GenASL - Generative AI powered American Sign Language Avatars

In today's world, effective communication is essential for fostering inclusivity and breaking down barriers. However, for individuals who rely on visual communication methods like American Sign Language (ASL), traditional communication tools often fall short. That's where GenASL comes in – a Generative AI-powered solution that translates speech or text into expressive ASL avatar animations, bridging the gap between spoken/written language and sign language.

The rise of the foundational models, and the fascinating world of Generative AI that we live in, is incredibly exciting and it opens up doors to imagine and build what was not previously possible. In this blog-post, we'll dive into the architecture and implementation details of GenASL, leveraging AWS Generative AI capabilities to create human-like ASL avatar videos.

Architecture Overview

The GenASL solution comprises several AWS services working together to enable seamless translation from speech/text to ASL avatar animations. Users send audio, video, or text as input to GenASL, and they will visualize an ASL avatar video that interprets the input data. The solution utilizes the AWS AIML services namely Amazon Transcribe, Amazon SageMaker/Amazon Bedrock, and Foundational Models.

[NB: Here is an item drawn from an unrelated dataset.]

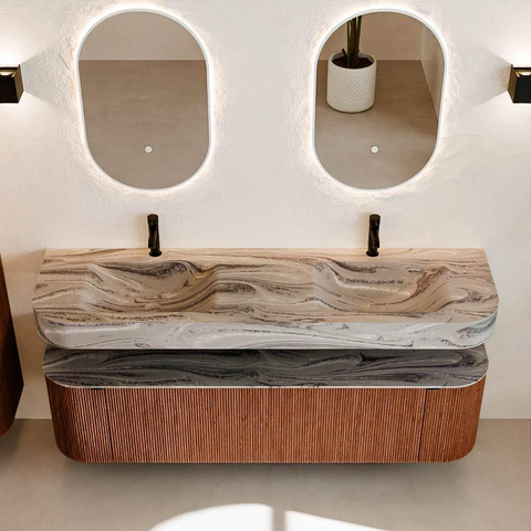 MONDIAZ THOR-DLUX Meuble de salle de bains 170cm arrondi gauche + droite couleur Ruby avec 1 tiroir et 2 portes. Vasque suspendue CLOUD Double 2 trous de robinet couleur Sombra.

Here's a high-level overview of the architecture:

Amazon EC2 instance initiates a batch process to create ASL Avatars from a video data set consisting of 8000+ poses using RTMPose, a Real-Time Multi-Person Pose Estimation toolkit based on MMPose.
AWS Amplify distributes the GenASL web app consisting of HTML, JavaScript, and CSS to end users’ mobile devices.
The Amazon Cognito Identity pool grants temporary access to the Amazon S3 bucket.
The user uploads an audio file to the Amazon S3 bucket using AWS SDK through the web app.
The GenASL web app invokes the backend services by sending the Amazon S3 object Key in the payload to an API hosted on Amazon API Gateway.
Amazon API Gateway instantiates an AWS Step Functions workflow. The state Machine orchestrates the Artificial Intelligence /Machine Learning (AI/ML) services Amazon Transcribe, and Amazon Bedrock and the NoSQL datastore Amazon DynamoDB using AWS lambda functions.
The AWS Step Functions workflow generates a pre-signed URL of the ASL Avatar video for the corresponding audio file.
A pre-signed URL for the video file stored in Amazon S3 is sent back to the user’s browser through Amazon API Gateway. The user’s mobile device plays the video file using the pre-signed URL.

Technical Deep Dive

Let's dive into the implementation details of each component:

Batch Process

The American Sign Language Lexicon Video Dataset (ASLLVD) consists of multiple synchronized videos showing the signing from different angles of more than 3,300 ASL signs in citation form, each produced by 1-6 native ASL signers. Linguistic annotations include gloss labels, sign start and end time codes, start and end handshape labels for both hands, morphological and articulatory classifications of sign type. For compound signs, the dataset includes annotations for each morpheme. To facilitate computer vision-based sign language recognition, the dataset also includes numeric ID labels for sign variants, video sequences in uncompressed-raw format, and camera calibration sequences.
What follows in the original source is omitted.